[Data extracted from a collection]
====================

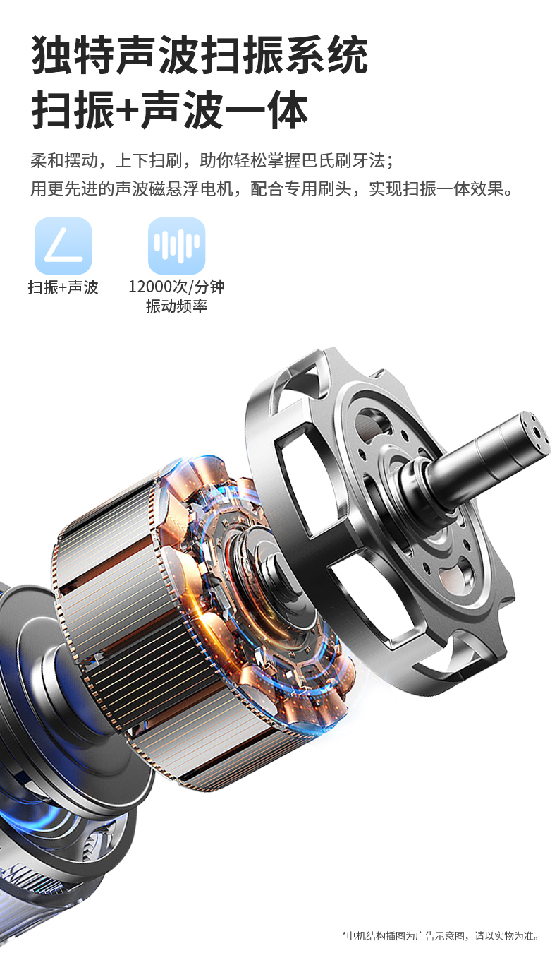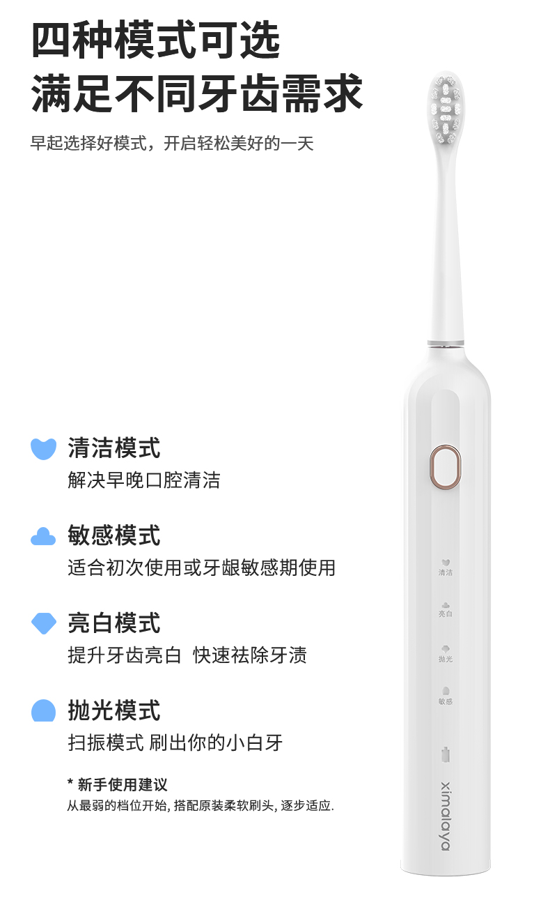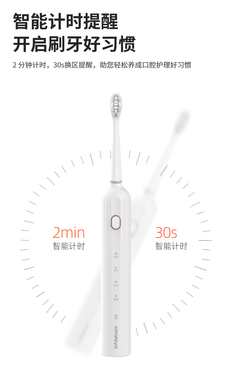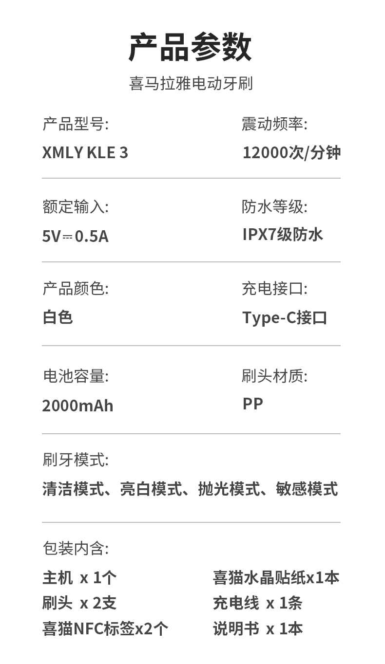 【内购送礼优惠】电动牙刷KLE3智能扫振声波技术4大模式IPX7级防水Type-C快充
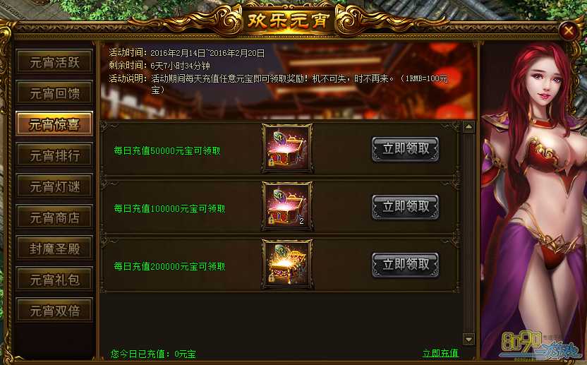 活动内容:活动期间,每日累计充值元宝达到1000、10000、50000、100000、200000时还可分别领取对应的丰厚充值奖励!
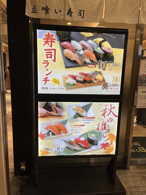 立ち食い寿司は、カンターの中の職人さんとの会話も楽しい。
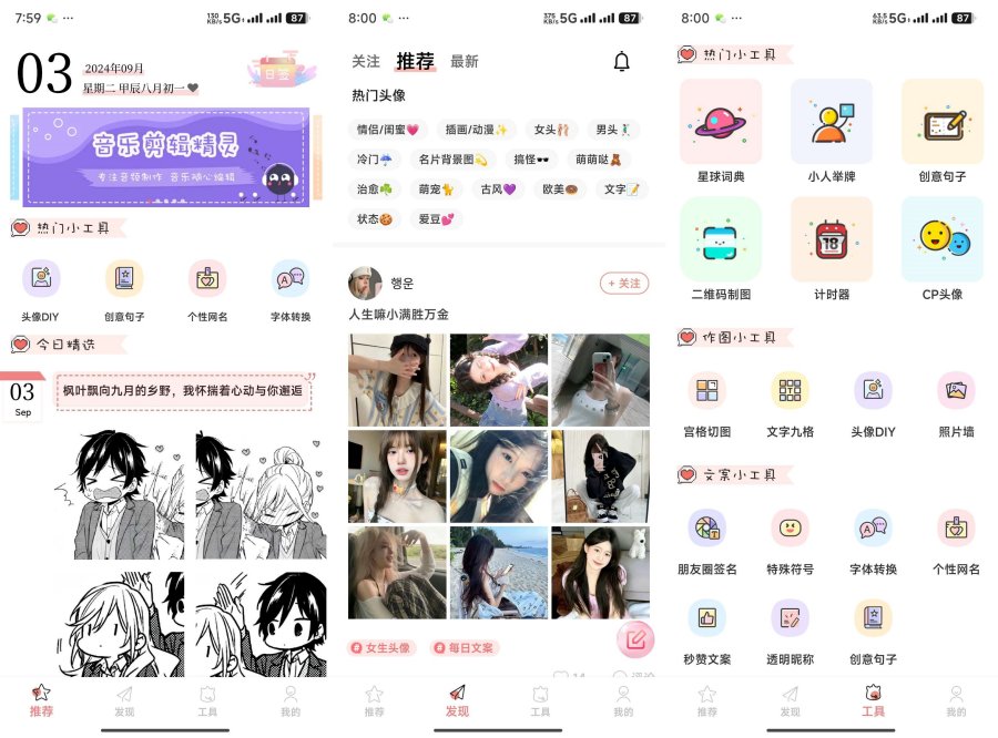 【应用名称】:头像空间 【应用包名】:com.orangemedia.avatar 【应用版本】:7.0.1 【应用大小】:67.0MB 【官方介绍】:头像空间,不止好看的头像。 ⭐个性头像 ⭐DIY头像制作 ⭐网名签名文案 ⭐动漫头像 ⭐超多热门神奇小工具助你提升人气 【定制专属头像】给你的头像加上好看又特别的头像边框、趣味贴纸或文字。 【个性头像大全】涵盖分享的女生头像、男生头像、闺蜜头像、情侣头像、动漫卡通头像、爱豆明星可爱古风搞怪逗比霸气伤感热门冷门头像任你挑选!还有名片背景图、高清美图等你来拿。总能找到适合你的qq微信社交头像~ 【交友扩列】在广场浏览或分享美图文案、今日心情、学习打卡、日常生活。还能收获超多点赞和粉丝哦~ 【神奇小工具】 文案小工具:透明昵称、秒赞文案、字体转换、特殊符号、朋友圈签名,不随大众更有个性 作图小工具:照片墙、文字九格、宫格切图 小人举牌:换个方式表白、斗图更有气势~ 个性二维码:将想说的话,替换成与众不同的二维码传递,不按套路出牌 星球词典:热门黑话玩梗冷知识合集,奇奇怪怪的知识又增加了~ 桌面计时器:可爱小巧的计时器,时刻提醒自己某个重要的时刻 还有更多趣味小工具,等你发现!
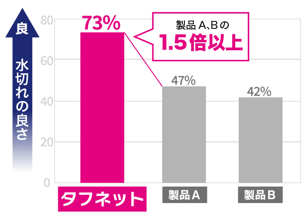 (水切れ量)÷(吸水量)で各製品の水切れ率を比較。
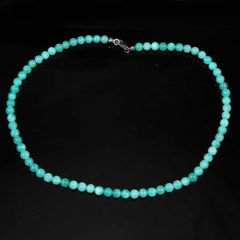 Enchanting Amazonite Beads Necklace with Ghungroo Accent Discover the serene beauty of the natural world with this exquisite Amazonite Plain Ball Beads Necklace. Comprising approximately 66 meticulously polished beads, each measuring around 6.50mm, this piece resonates with the calming hues of turquoise and green reminiscent of tranquil waters and lush landscapes. The necklace is gracefully finished with a fish lock measuring 13.00mm, ensuring both security and ease of wear. Adding a touch of traditional allure, the ghungroo charm dangles gently, creating a delicate jingling sound that enchants with every movement. This captivating accessory not only embodies elegance but also carries the soothing properties of Amazonite, known for its ability to promote harmony and balance. Whether worn for a special occasion or as an everyday statement piece, this Amazonite necklace is a perfect blend of artistry and nature, inviting admiration and awe with its effortless grace. Embrace the essence of tranquility and elevate your jewelry collection with this stunning piece, a true homage to the beauty of the Earth.

====================

:: What you should do ::
For this exercise, reproduce exactly the lines of the records above from the one with "活动内容:活动期间,每日累计" up to and including the one with "(水切れ量)÷(吸水量)で各製品の水切れ率を比較。", without pictures.

:: Answer for the task ::
 活动内容:活动期间,每日累计充值元宝达到1000、10000、50000、100000、200000时还可分别领取对应的丰厚充值奖励!
 立ち食い寿司は、カンターの中の職人さんとの会話も楽しい。
 【应用名称】:头像空间 【应用包名】:com.orangemedia.avatar 【应用版本】:7.0.1 【应用大小】:67.0MB 【官方介绍】:头像空间,不止好看的头像。 ⭐个性头像 ⭐DIY头像制作 ⭐网名签名文案 ⭐动漫头像 ⭐超多热门神奇小工具助你提升人气 【定制专属头像】给你的头像加上好看又特别的头像边框、趣味贴纸或文字。 【个性头像大全】涵盖分享的女生头像、男生头像、闺蜜头像、情侣头像、动漫卡通头像、爱豆明星可爱古风搞怪逗比霸气伤感热门冷门头像任你挑选!还有名片背景图、高清美图等你来拿。总能找到适合你的qq微信社交头像~ 【交友扩列】在广场浏览或分享美图文案、今日心情、学习打卡、日常生活。还能收获超多点赞和粉丝哦~ 【神奇小工具】 文案小工具:透明昵称、秒赞文案、字体转换、特殊符号、朋友圈签名,不随大众更有个性 作图小工具:照片墙、文字九格、宫格切图 小人举牌:换个方式表白、斗图更有气势~ 个性二维码:将想说的话,替换成与众不同的二维码传递,不按套路出牌 星球词典:热门黑话玩梗冷知识合集,奇奇怪怪的知识又增加了~ 桌面计时器:可爱小巧的计时器,时刻提醒自己某个重要的时刻 还有更多趣味小工具,等你发现!
 (水切れ量)÷(吸水量)で各製品の水切れ率を比較。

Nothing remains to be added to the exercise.